● What this task involves
Repeat exactly what runs from the line containing "钥匙:当我们完成主线或支线后" through the last line of the material below. Do not copy the pictures.

++++ Material shown

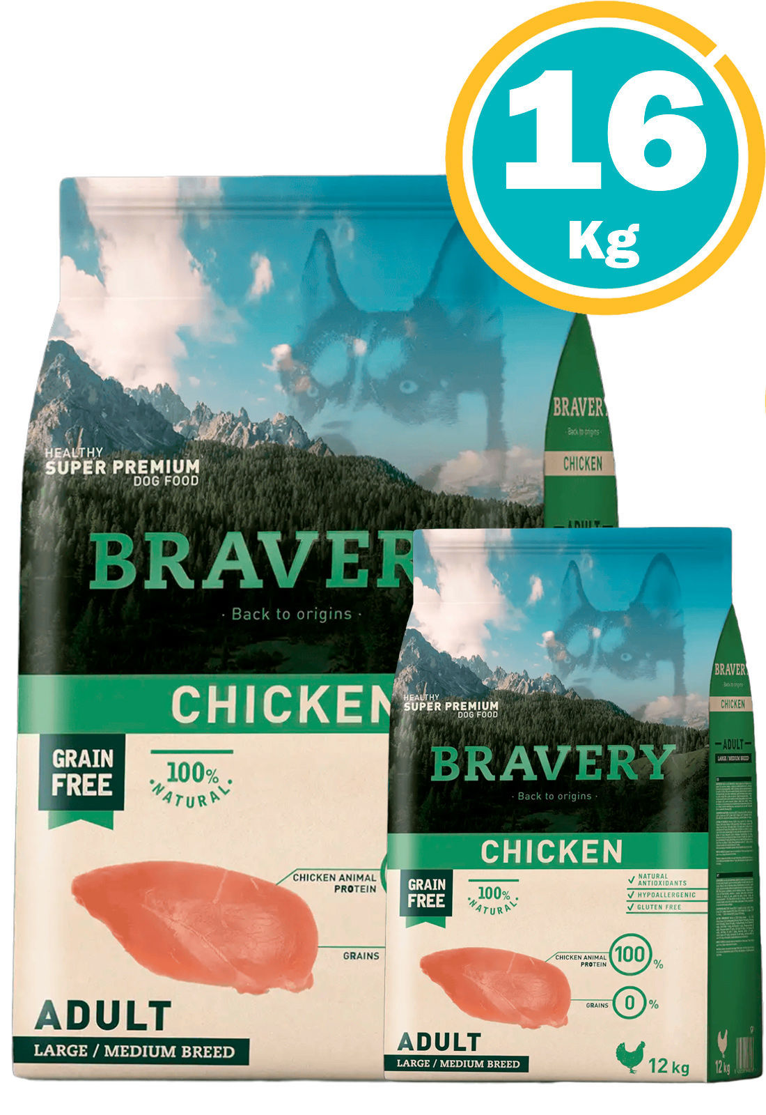 Carne de pollo deshidratada, tapioca, grasa de ave (Fuente de ac. grasos Ω-6), guisantes, levadura y extracto de levadura-Saccharomyces cerevisiae (Fuente de mananooligosacáridos – MOS y β-glucanos), aceite de pescado (Fuente de ac. grasos Ω-3-EPA y DHA), boniato, vaina de algarroba, pulpa de remolacha, proteína hidrolizada de pollo, huevo entero deshidratado, hígado hidrolizado de pollo, proteína de patata, Inulina (Fibra soluble de achicoria, fuente fosfooligosacáridos – FOS), celulosa natural (Fuente de fibra insoluble), minerales, fibra dietética soluble extraída de Plantago ovata, aceites esenciales (orégano, canela, clavo, tomillo, romero, hierbabuena, té verde), hidrolizado de crustáceos (Fuente de glucosamina), hidrolizado de cartílago (Fuente de condroitina), yuca, concentrado de zumo de melón liofilizado (Rico en superoxido dismutasa – SOD).
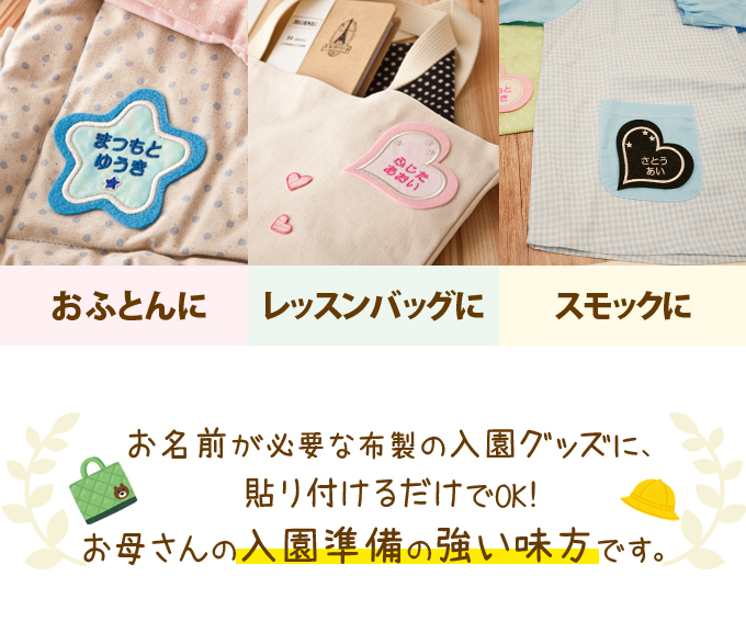 お名前ワッペン フェルト ハート型 3枚組 ネームワッペン アイロン 入園 刺繍 プレゼント OR
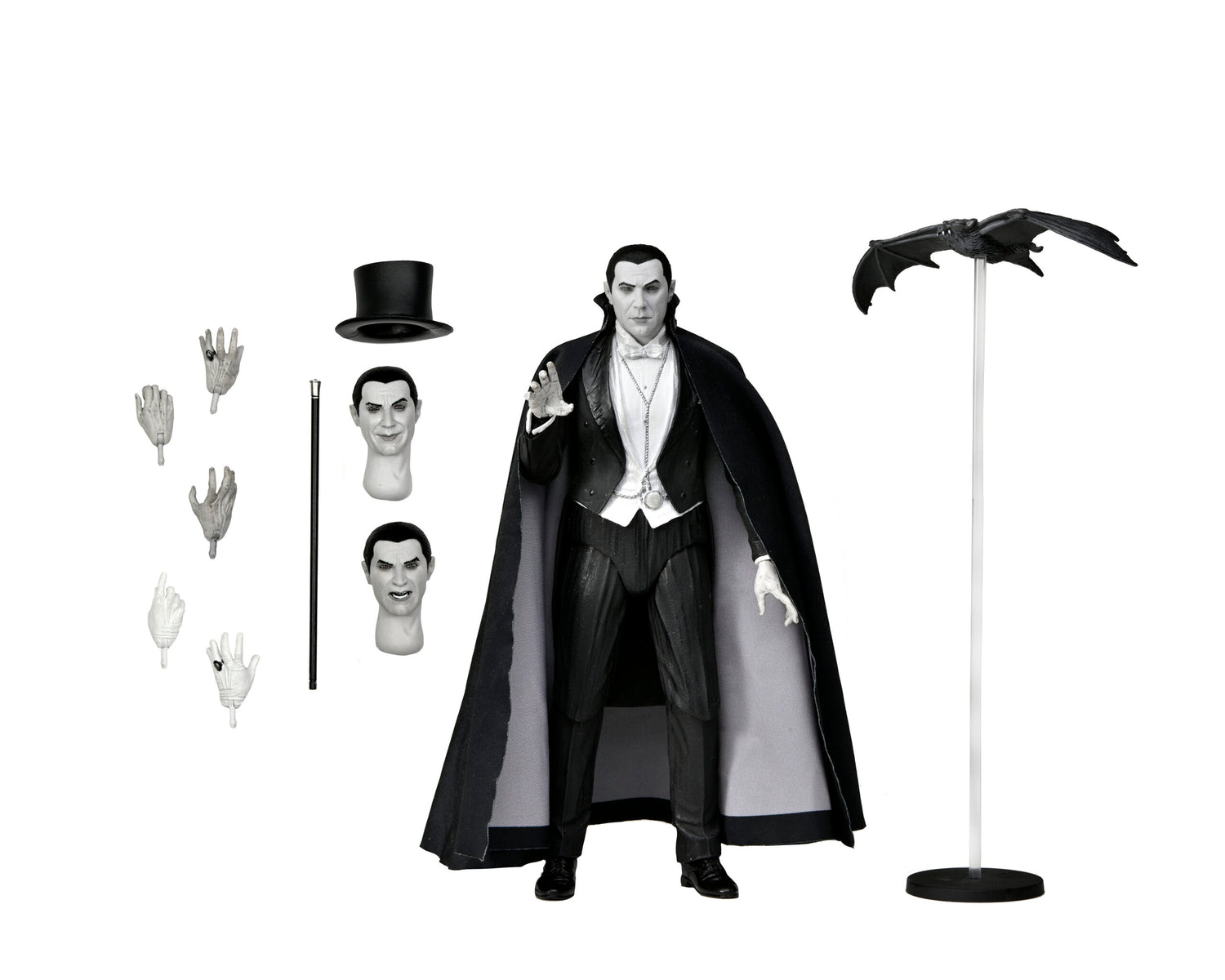 NECA announces a new Ultimate action figure of the most famous vampire of them all… Dracula! Following the color version, we’ve created a special black-and-white figure that features the formal tuxedo seen at his Carfax estate. We worked closely with the estate of Bela Lugosi to capture the actor’s expressive likeness and for additional background detail on important costume elements. Standing in 7” scale, the Ultimate Dracula (Carfax Abbey) action figure has a removable soft goods cape and comes with plenty of accessories: top hat, cane, bat, flight stand, plus three interchangeable heads and hands. Includes additional neck piece making it compatible with the heads from the color version. Display-friendly window box packaging with opening front flap.
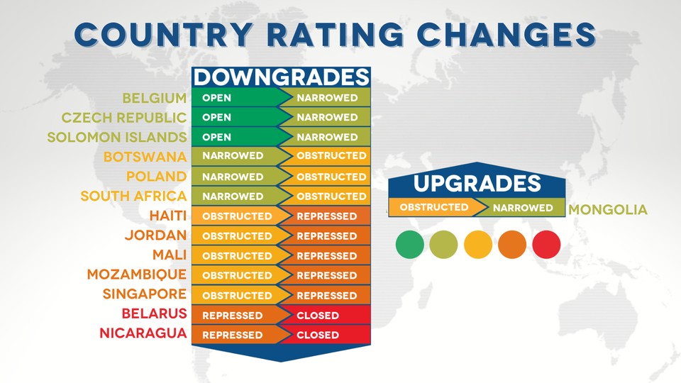 Closed Repressed Obstructed Narrowed Open Download citation Embed Map </> zoom out 0% zoom in Select Country to Embed World Afghanistan Albania Algeria Andorra Angola Antigua and Barbuda Argentina Armenia Australia Austria Azerbaijan Bahamas Bahrain Bangladesh Barbados Belarus Belgium Belize Benin Bhutan Bolivia Bosnia & Herzegovina Botswana Brazil Brunei Darussalam Bulgaria Burkina Faso Burundi Cambodia Cameroon Canada Cape Verde Central African Republic Chad Chile China Colombia Comoros Costa Rica Côte d'Ivoire Croatia Cuba Cyprus Czech Republic Democratic Republic of the Congo Denmark Djibouti Dominica Dominican Republic Ecuador Egypt El Salvador Equatorial Guinea Eritrea Estonia Eswatini Ethiopia Fiji Finland France Gabon Gambia Georgia Germany Ghana Greece Greenland Grenada Guatemala Guinea Guinea Bissau Guyana Haiti Honduras Hong Kong Hungary Iceland India Indonesia Iran Iraq Ireland Israel Italy Jamaica Japan Jordan Kazakhstan Kenya Kiribati Kosovo Kuwait Kyrgyzstan Laos Latvia Lebanon Lesotho Liberia Libya Liechtenstein Lithuania Luxembourg Madagascar Malawi Malaysia Maldives Mali Malta Marshall Islands Mauritania Mauritius Mexico Micronesia Moldova Monaco Mongolia Montenegro Morocco Mozambique Myanmar Namibia Nauru Nepal Netherlands New Zealand Nicaragua Niger Nigeria North Korea North Macedonia Norway Oman Pakistan Palau Palestine Panama Papua New Guinea Paraguay Peru Philippines Poland Portugal Qatar Republic of the Congo Romania Russia Rwanda Saint Lucia Samoa San Marino Sao Tome and Principe Saudi Arabia Senegal Serbia Seychelles Sierra Leone Singapore Slovakia Slovenia Solomon Islands Somalia South Africa South Korea South Sudan Spain Sri Lanka St Kitts and Nevis St Vincent and the Grenadines Sudan Suriname Sweden Switzerland Syria Taiwan Tajikistan Tanzania Thailand Timor-Leste Togo Tonga Trinidad and Tobago Tunisia Turkey Turkmenistan Tuvalu Uganda Ukraine United Arab Emirates United Kingdom United States of America Uruguay Uzbekistan Vanuatu Venezuela Vietnam Yemen Zambia Zimbabwe Or select Region to Embed Africa Central Africa Eastern Africa East & Horn of Africa Northern Africa Southern Africa West Africa Americas Central America The Caribbean Northern America South America Asia East Asia Gulf Countries Middle East Middle East & North Africa South Asia South East Asia Europe and Central Asia Central Asia Europe Oceania Australia & New Zealand Pacific Islands Political Groupings African Union ASEAN BRICS Commonwealth Community of Latin American and Caribbean States Council of Europe East African Community (EAC) Economic Community of West African States European Union G20 G7 Gulf Cooperation Council IGAD NATO OECD Organisation of La Francophonie Pacific Islands Forum Scandanavia South Asian Association for Regional Cooperation Southern African Development Community UN Security Council Western Balkans COPY EMBED CODE Latest updates Panama 2022-02-22 Panamanian journalists warn of threats against freedom of expression more Mexico 2022-02-22 Outrage as five journalists killed in Mexico in early 2022 more Maldives 2022-02-18 Authorities arresting protesters and failing to address reprisals against activists in the Maldives more Japan 2022-02-16 Increasing Twitter takedowns by Japan while teachers and Okinawans hold protests more Cuba 2022-02-15 At least 790 people prosecuted and 172 already convicted for protesting in Cuba more Papua New Guinea 2022-02-15 Despite UN rights review, attacks on press freedom continue in PNG with suspension of journalist more Argentina 2022-02-14 Manifestantes toman las calles para protestar contra el FMI y la minería a gran escala more Afghanistan 2022-02-11 Afghan women activists abducted by the Taliban while journalists arrested and beaten more Fiji 2022-02-09 Civic space remains ‘obstructed’ in Fiji as media attacked, climate march blocked more Nicaragua 2022-02-08 Nicaragua: prosecution and conviction of several political prisoners more Explore all updates prev next Find a country All Americas Europe and Central Asia Asia Oceania Middle East and North Africa Africa -------- Afghanistan Albania Algeria Andorra Angola Antigua and Barbuda Argentina Armenia Australia Austria Azerbaijan Bahamas Bahrain Bangladesh Barbados Belarus Belgium Belize Benin Bhutan Bolivia Bosnia & Herzegovina Botswana Brazil Brunei Darussalam Bulgaria Burkina Faso Burundi Cambodia Cameroon Canada Cape Verde Central African Republic Chad Chile China Colombia Comoros Costa Rica Côte d'Ivoire Croatia Cuba Cyprus Czech Republic Democratic Republic of the Congo Denmark Djibouti Dominica Dominican Republic Ecuador Egypt El Salvador Equatorial Guinea Eritrea Estonia Eswatini Ethiopia Fiji Finland France Gabon Gambia Georgia Germany Ghana Greece Greenland Grenada Guatemala Guinea Guinea Bissau Guyana Haiti Honduras Hong Kong Hungary Iceland India Indonesia Iran Iraq Ireland Israel Italy Jamaica Japan Jordan Kazakhstan Kenya Kiribati Kosovo Kuwait Kyrgyzstan Laos Latvia Lebanon Lesotho Liberia Libya Liechtenstein Lithuania Luxembourg Madagascar Malawi Malaysia Maldives Mali Malta Marshall Islands Mauritania Mauritius Mexico Micronesia Moldova Monaco Mongolia Montenegro Morocco Mozambique Myanmar Namibia Nauru Nepal Netherlands New Zealand Nicaragua Niger Nigeria North Korea North Macedonia Norway Oman Pakistan Palau Palestine Panama Papua New Guinea Paraguay Peru Philippines Poland Portugal Qatar Republic of the Congo Romania Russia Rwanda Saint Lucia Samoa San Marino Sao Tome and Principe Saudi Arabia Senegal Serbia Seychelles Sierra Leone Singapore Slovakia Slovenia Solomon Islands Somalia South Africa South Korea South Sudan Spain Sri Lanka St Kitts and Nevis St Vincent and the Grenadines Sudan Suriname Sweden Switzerland Syria Taiwan Tajikistan Tanzania Thailand Timor-Leste Togo Tonga Trinidad and Tobago Tunisia Turkey Turkmenistan Tuvalu Uganda Ukraine United Arab Emirates United Kingdom United States of America Uruguay Uzbekistan Vanuatu Venezuela Vietnam Yemen Zam
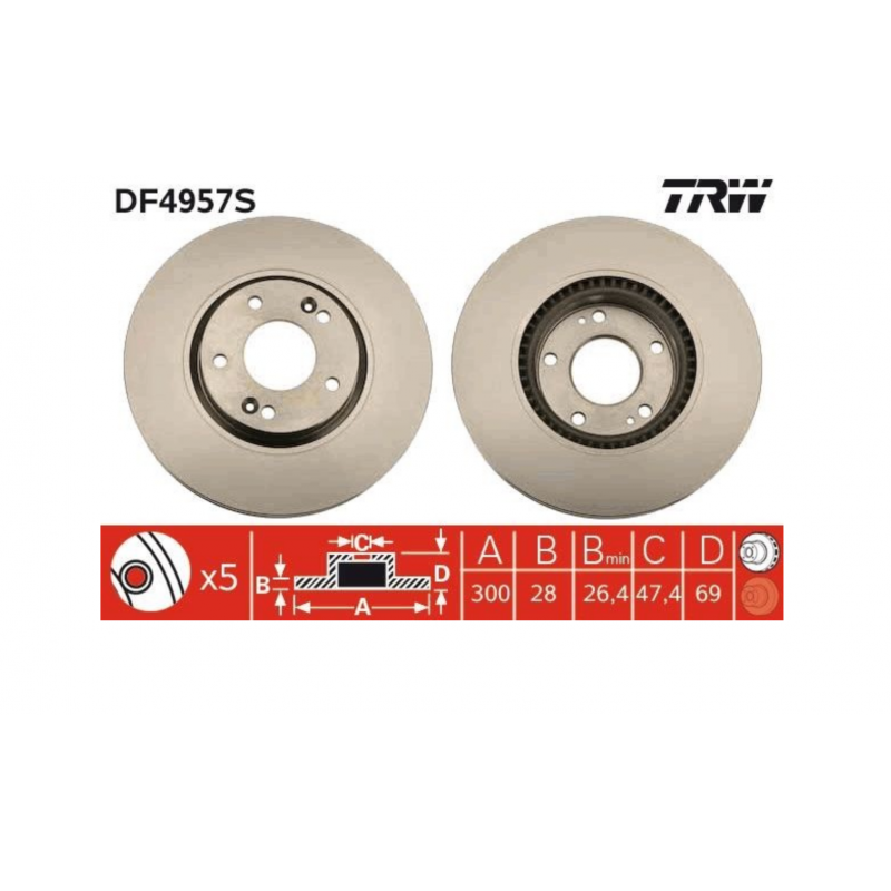 TRW DF4957S Disque de frein pour HYUNDAI,KIA,KIA (DYK)
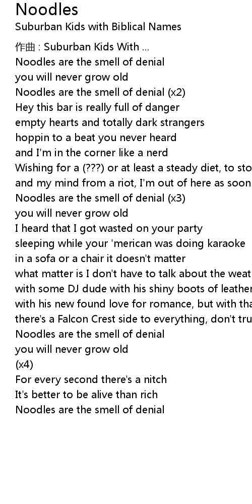 | Noodles are the smell of denial (x3) | |
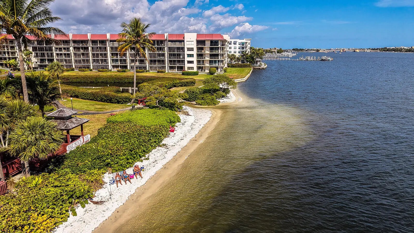 Experience elevated waterfront living in this beautifully updated 2-bedroom condominium located directly on the Intracoastal. Located on the 5th floor, this residence offers unobstructed views of the Intracoastal Waterway The higher vantage point enhances the panoramic scenery, allowing you to enjoy stunning sunrises, passing yachts, and blue water views from both living room, master bedroom and Kitchen. This light-filled condo features impact windows along with tasteful updates throughout that create a modern, move-in-ready space. The functional layout offers comfortable living areas, well-appointed bedrooms and is perfect for both full-time living and seasonal enjoyment. Located in the highly desirable Half Moon Bay community, residents enjoy resort-style amenities including two heated
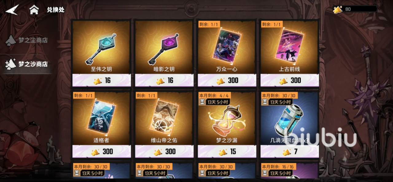 钥匙:当我们完成主线或支线后掉落,此外大家主动去挑战特定关卡获得钻石后也能进行兑换。
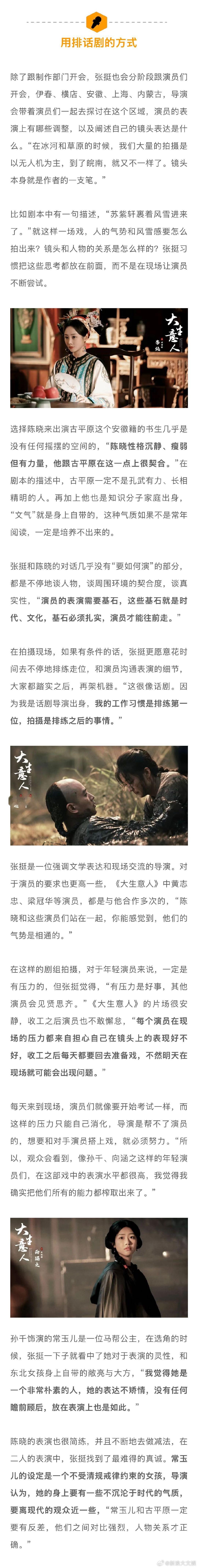 导演在陈晓孙千身上找到了真诚 大生意人导演谈男女主角感情线 2020年年初,张挺突然有了大把的空闲时间待在家里,除了阅读、绘画,他只能去创作剧本。“《大生意人》和《风吹半夏》是同时写的,互相解闷。写两集大女主戏,再写两集大男主戏。”从创作的感受来说,张挺觉得“同时写这样的两部戏,有点互补的感觉。”娱理独家↓
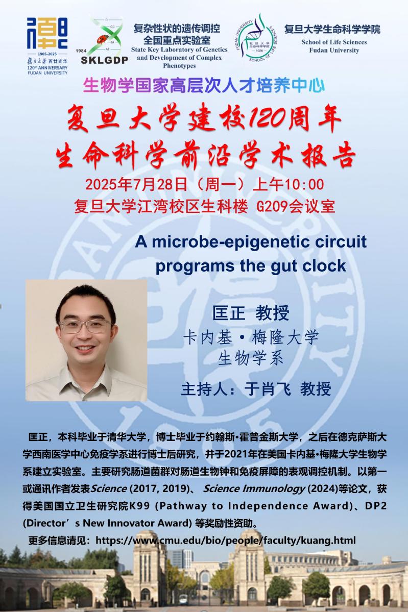 生命科学前沿学术报告-2025-07-28(周一) 10:00,匡正 教授 (卡内基·梅隆大学 )

++++++++

● Solution to this problem
 钥匙:当我们完成主线或支线后掉落,此外大家主动去挑战特定关卡获得钻石后也能进行兑换。
 导演在陈晓孙千身上找到了真诚 大生意人导演谈男女主角感情线 2020年年初,张挺突然有了大把的空闲时间待在家里,除了阅读、绘画,他只能去创作剧本。“《大生意人》和《风吹半夏》是同时写的,互相解闷。写两集大女主戏,再写两集大男主戏。”从创作的感受来说,张挺觉得“同时写这样的两部戏,有点互补的感觉。”娱理独家↓
 生命科学前沿学术报告-2025-07-28(周一) 10:00,匡正 教授 (卡内基·梅隆大学 )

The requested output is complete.